Digital presence analysis
Search volume, branded queries, and social listening can help identify whether people are already searching for your brand or even talking about your brand.
Once this baseline is established, you can take the next steps and begin to build.
Five Strategic Ways to Build Brand Awareness in New Markets
1. Anchor Your Story in Local Relevance
A mature brand’s greatest strength is its history, but this can also be its blind spot. What matters in your core market may not resonate elsewhere.
Your awareness strategy should answer: Why should this market care about us?
Localized storytelling, region-specific value propositions, and tailored messaging are all key components.
2. Be Present Where Your Audience Already Lives
Awareness grows fastest when you amplify your visibility in channels where your buyers actively spend time:
Industry events
Local partnerships
Niche digital communities
Regional media outlets
Category-specific influencers
You’re not just building awareness, you’re borrowing credibility.
3. Use Compelling and Engaging Content to Establish Thought Leadership
Thought leadership accelerates awareness by positioning your brand as a trusted authority.
This could include:
Insightful blog content
Industry research papers
Webinars tailored to the market
Guest expert appearances and more
Consistency and compelling messaging matters more than volume. You’re building familiarity through repeated exposure to your brand’s voice and expertise in a way that will resonate with your target audience.
4. Invest in Upper-Funnel Organic and Advertising
Many brands underinvest in top-of-funnel tactics when entering new markets. But upper-funnel awareness drives the performance of your lower-funnel demand gen.
Effective tactics include:
Targeted display campaigns
Video marketing
Outdoor media in specific geographies
Sponsored content
Brand storytelling campaigns and more
These efforts plant the seeds that lead-generation campaigns will later harvest.
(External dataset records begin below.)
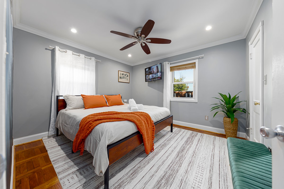 RETKA PRILIKA — spavaća soba i kupatilo na glavnom nivou bez stepenica! Dobro došli u svoje elegantno utočište u Vašingtonu! Ovaj potpuno renovirani dom sa 5 spavaćih soba i 4 kupatila nudi 3500 kvadratnih metara života otvorenog koncepta, na samo 3 minuta od metroa i 10 minuta od Bijele kuće. Uživajte u besplatnom parkingu na ulici. Savršeno za porodice ili poslovne putnike sa spavaćom sobom na glavnom spratu, profesionalnom kuhinjom, dvokrevetnim dnevnim boravcima, brzim Wi-Fi mrežom i pametnim televizorima. Rezervišite smještaj danas i doživite Vašington u udobnosti i stilu.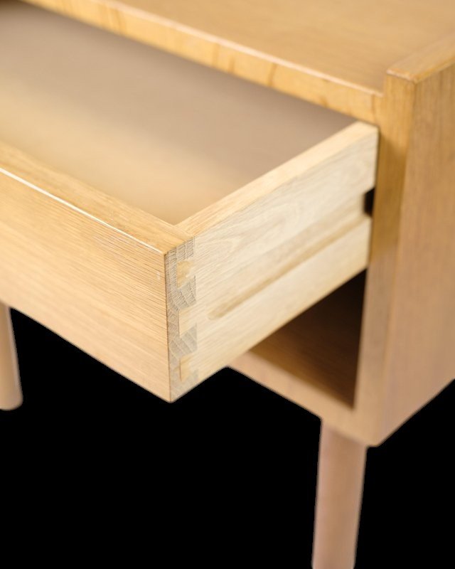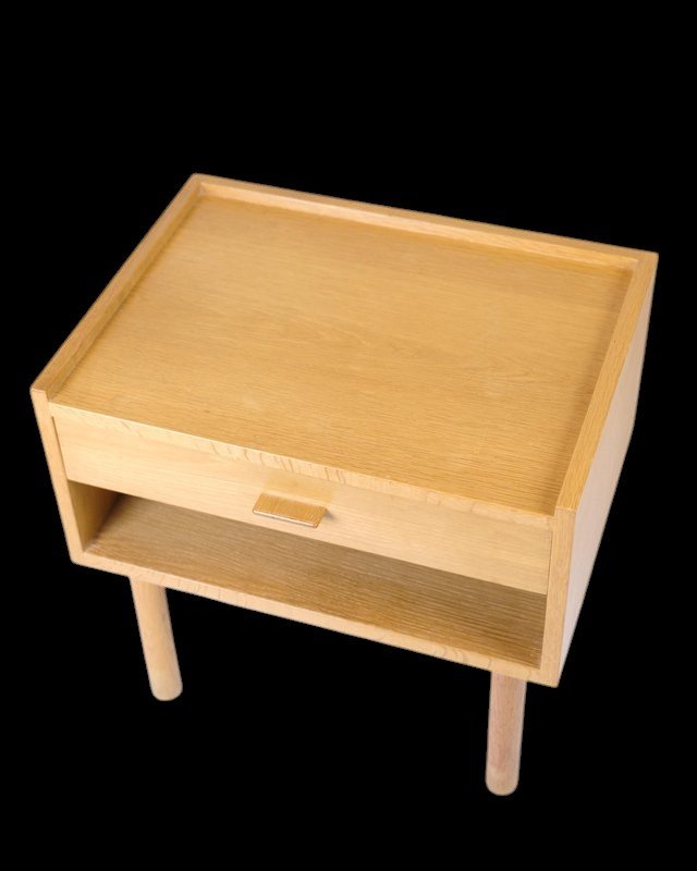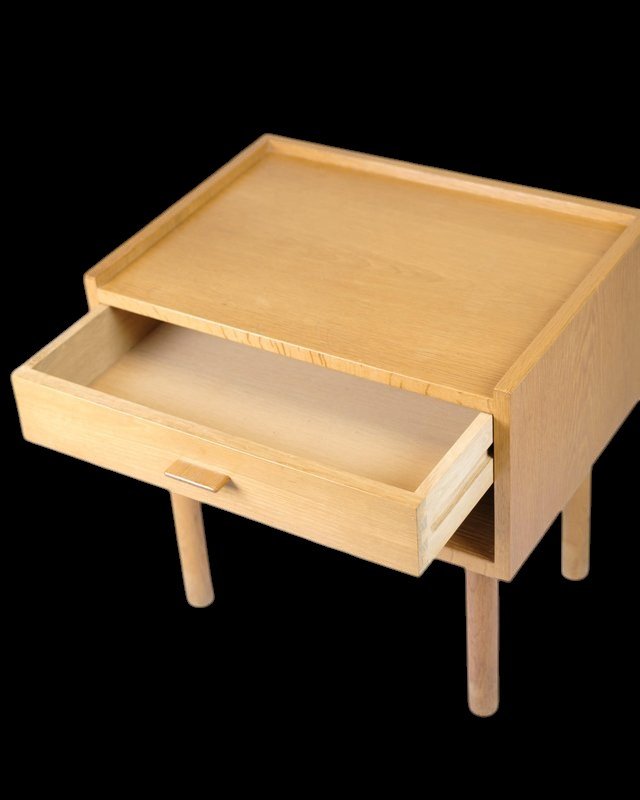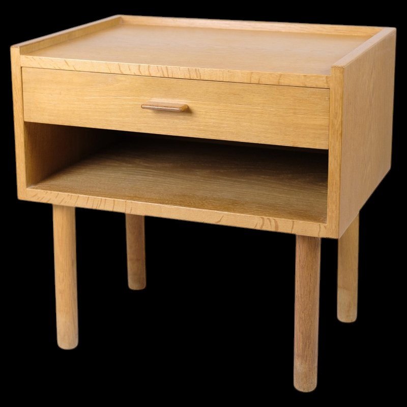 Borden har modellnummer GE 430 och är utformad med en låda i fronten, som har ett stilrent handtag i ek. Under lådan finns en praktisk hylla som är perfekt för att förvara tidningar, böcker och annat småplock som du vill ha inom räckhåll. Hyllan och lådan erbjuder en utmärkt lösning för att hålla sovrummet organiserat.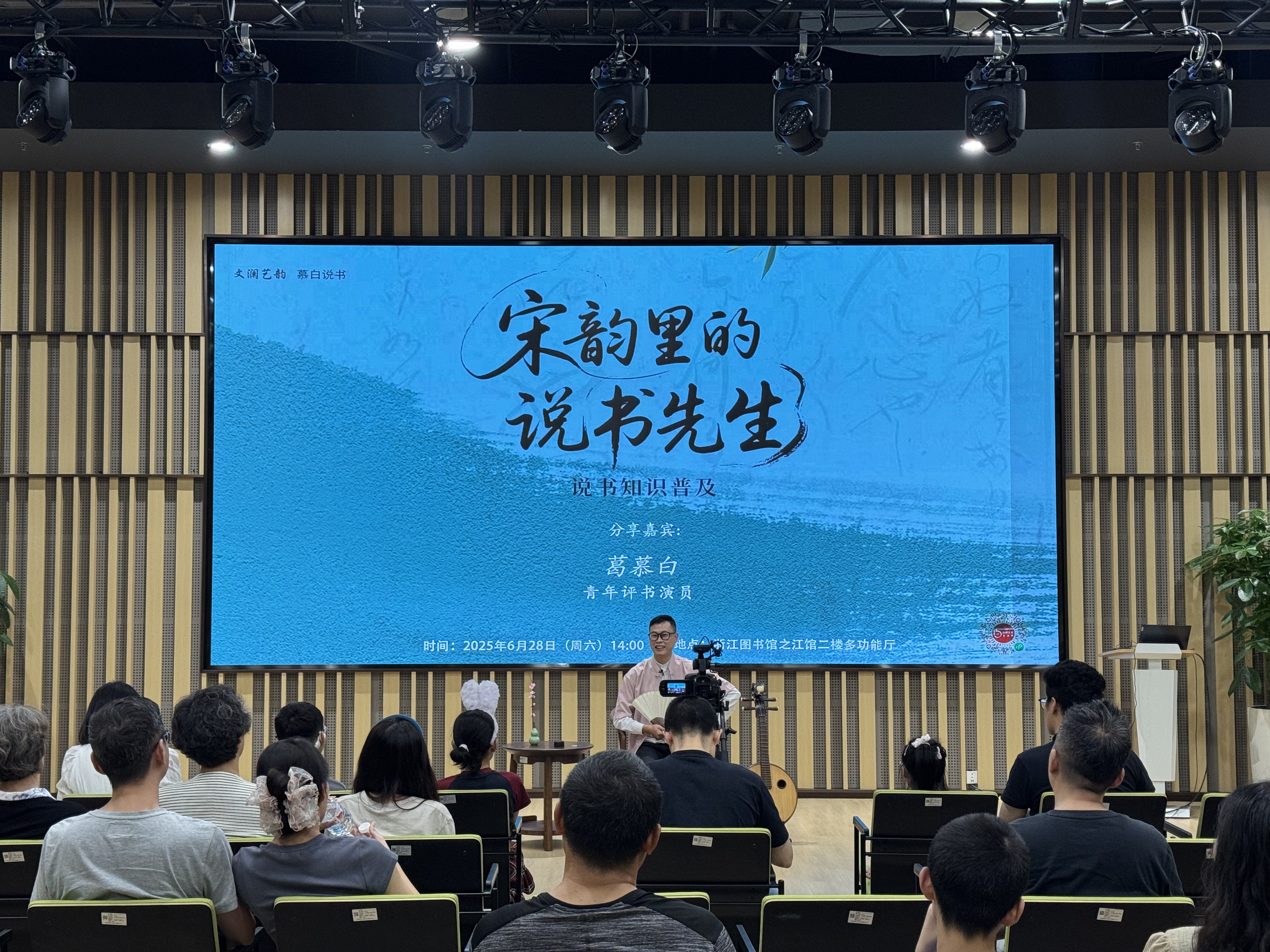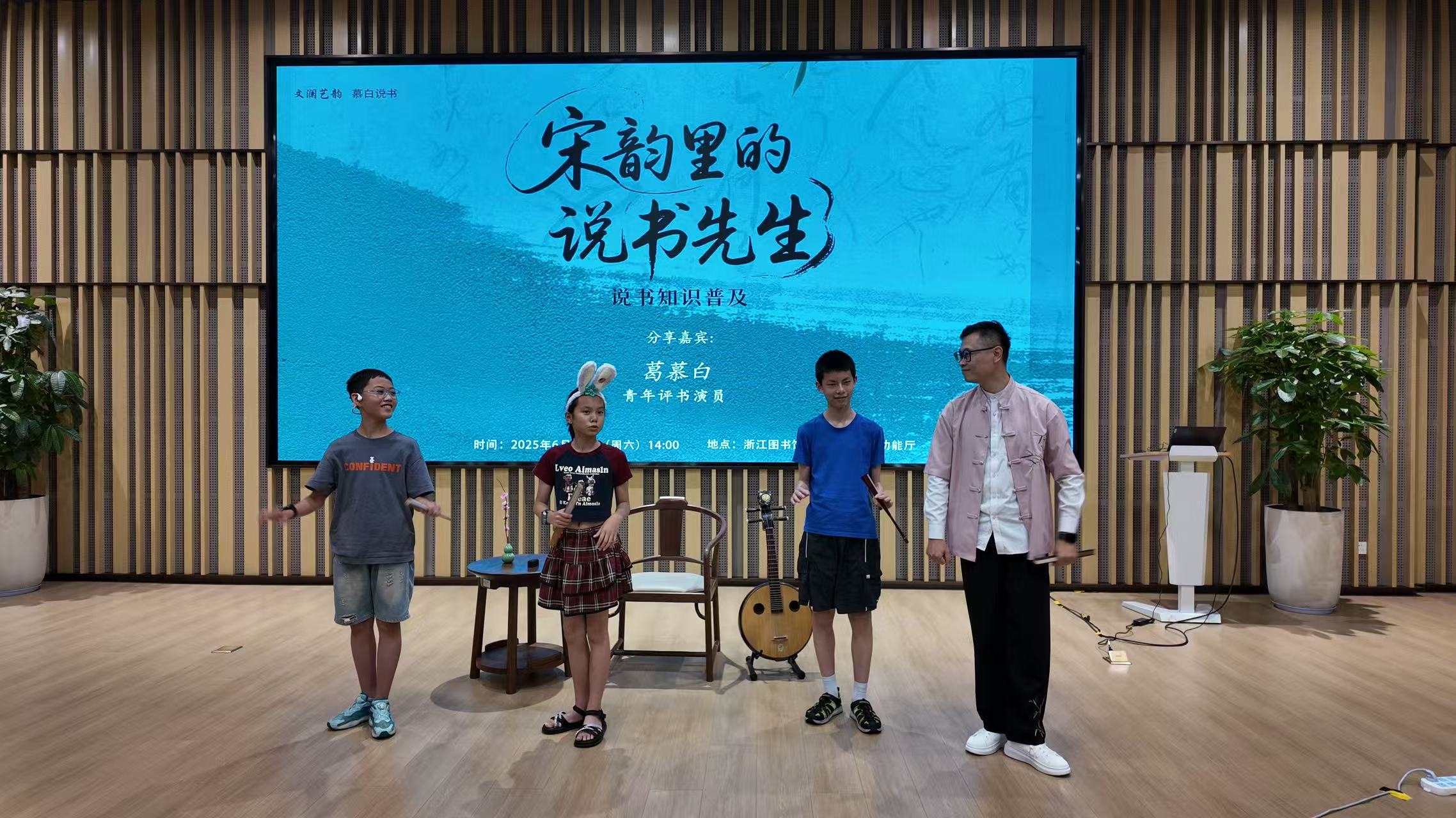2025年6月28日下午2点,浙江图书馆之江馆二楼多功能厅内一场以“宋韵里的说书先生”为主题的评书艺术体验活动在此精彩上演。活动特邀青年评书演员葛慕白老师以“脱口秀+沉浸式教学”的创新形式,带领读者穿越千年宋韵,感受传统曲艺的独特魅力。

5. Align Your Internal Teams on the Long Game
One of the biggest barriers to successful awareness-building is internal impatience. Mature companies often expect new markets to behave like existing ones. This is one of the biggest points of failure.
Brand awareness takes time, especially in competitive categories.
Tracking and celebrating early signals (search uplift, branded traffic, share of voice growth, positive sentiment trends) helps teams stay aligned and invested.
Awareness Before Leads: The Right Sequence for Sustainable Growth
Lead generation without awareness is like trying to harvest before planting and nurture. Mature brands need to focus on avoiding the trap of jumping straight to performance marketing without establishing any sort of baseline recognition.
Once awareness is built:
Buyers understand your value
Sales cycles shorten
Lead quality improves
Marketing ROI becomes clearer and more predictable
Awareness isn’t just the first step—it’s the multiplier that makes every subsequent step more successful.
Don’t Fall into the Trap of Undervaluing Brand Awareness
Brand awareness is often undervalued because its outcomes are not always immediate. But for a mature company entering a less familiar market, it’s the most strategic investment you can make.
You’re not starting from scratch—you’re rebuilding context. And once that context exists, your proven value as a brand can do the rest.